──────── RECORDS SUPPLIED

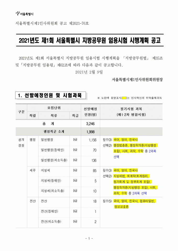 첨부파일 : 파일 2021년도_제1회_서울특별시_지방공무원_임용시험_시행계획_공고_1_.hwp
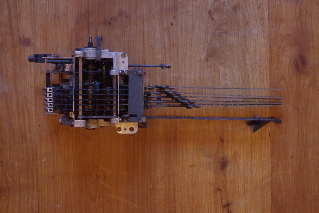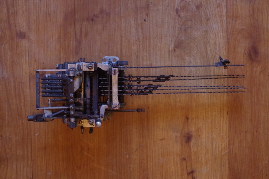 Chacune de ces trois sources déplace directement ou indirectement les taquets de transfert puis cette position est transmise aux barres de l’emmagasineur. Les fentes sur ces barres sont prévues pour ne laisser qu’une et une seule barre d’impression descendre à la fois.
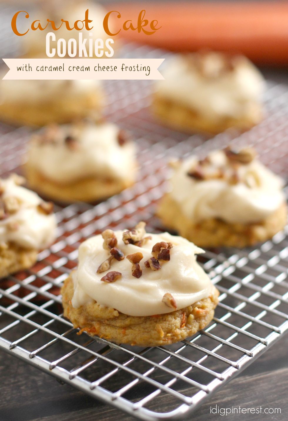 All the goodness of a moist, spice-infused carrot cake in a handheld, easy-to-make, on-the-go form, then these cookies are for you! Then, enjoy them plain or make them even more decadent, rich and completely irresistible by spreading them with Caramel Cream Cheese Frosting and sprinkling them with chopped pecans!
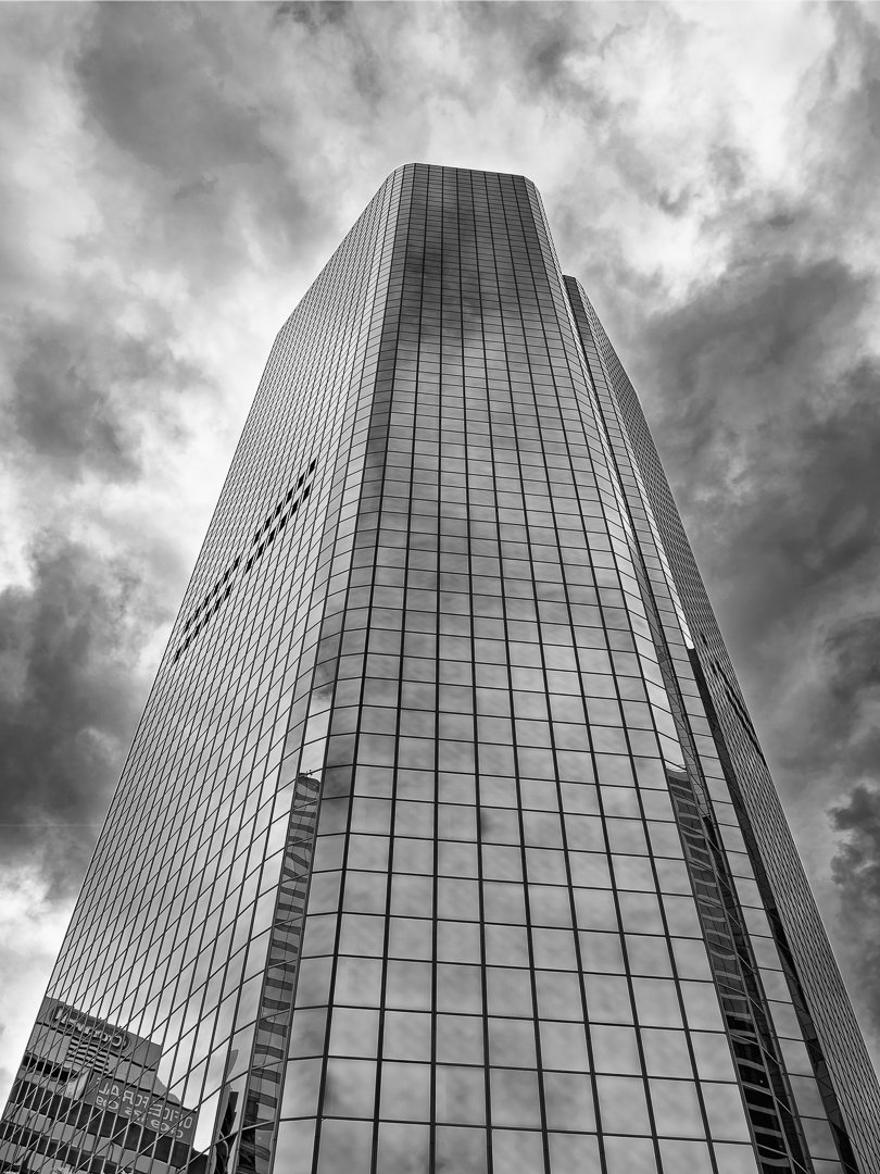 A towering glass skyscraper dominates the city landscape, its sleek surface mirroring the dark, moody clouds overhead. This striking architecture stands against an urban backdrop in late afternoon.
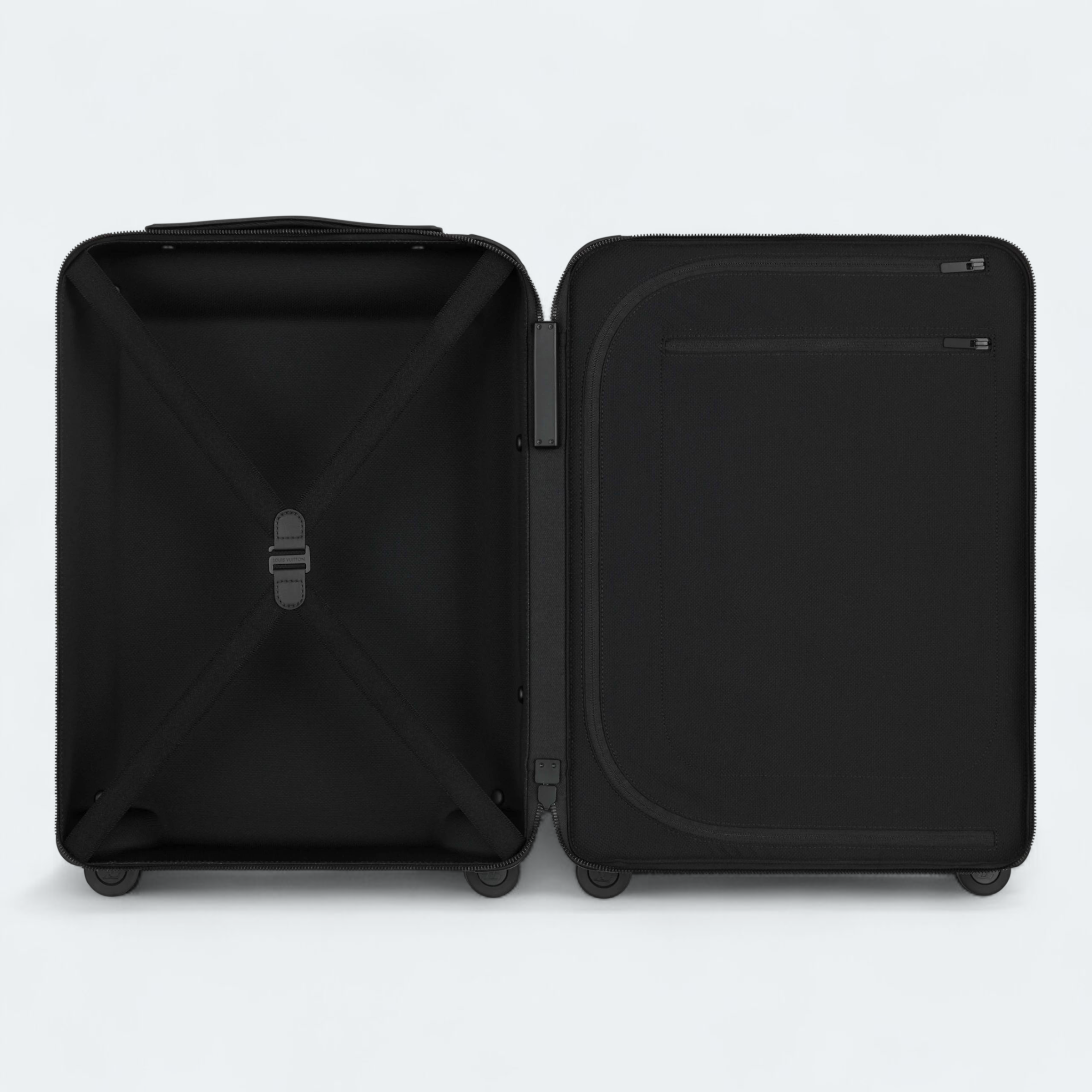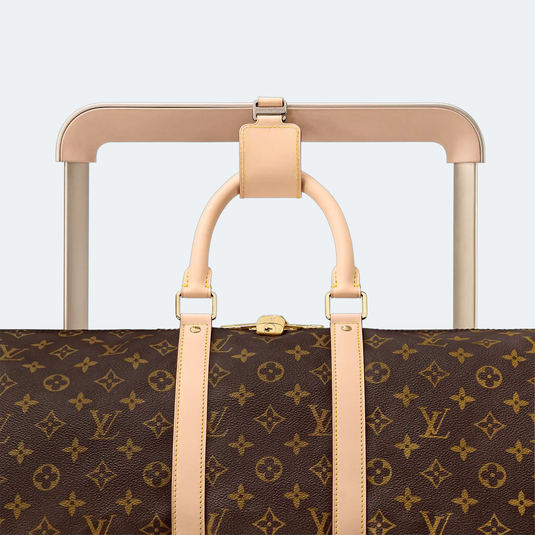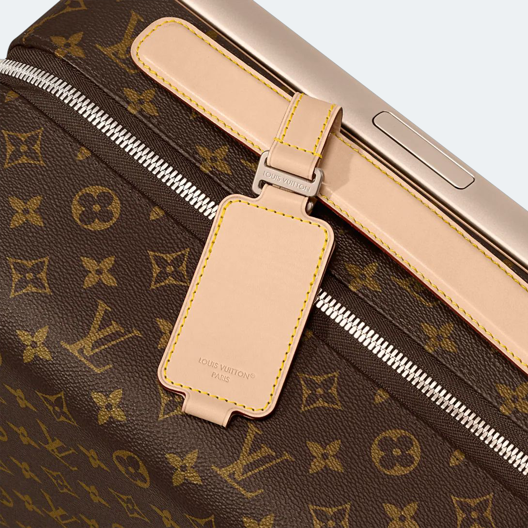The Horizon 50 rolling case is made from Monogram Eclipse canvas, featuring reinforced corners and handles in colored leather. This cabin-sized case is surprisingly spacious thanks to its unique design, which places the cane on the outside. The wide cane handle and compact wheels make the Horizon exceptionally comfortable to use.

────────────────

ACTION ITEM => Leave every picture out, and reproduce exactly the lines from the line bearing "A towering glass" through the closing line of the material above.

RESULT =>
 A towering glass skyscraper dominates the city landscape, its sleek surface mirroring the dark, moody clouds overhead. This striking architecture stands against an urban backdrop in late afternoon.
The Horizon 50 rolling case is made from Monogram Eclipse canvas, featuring reinforced corners and handles in colored leather. This cabin-sized case is surprisingly spacious thanks to its unique design, which places the cane on the outside. The wide cane handle and compact wheels make the Horizon exceptionally comfortable to use.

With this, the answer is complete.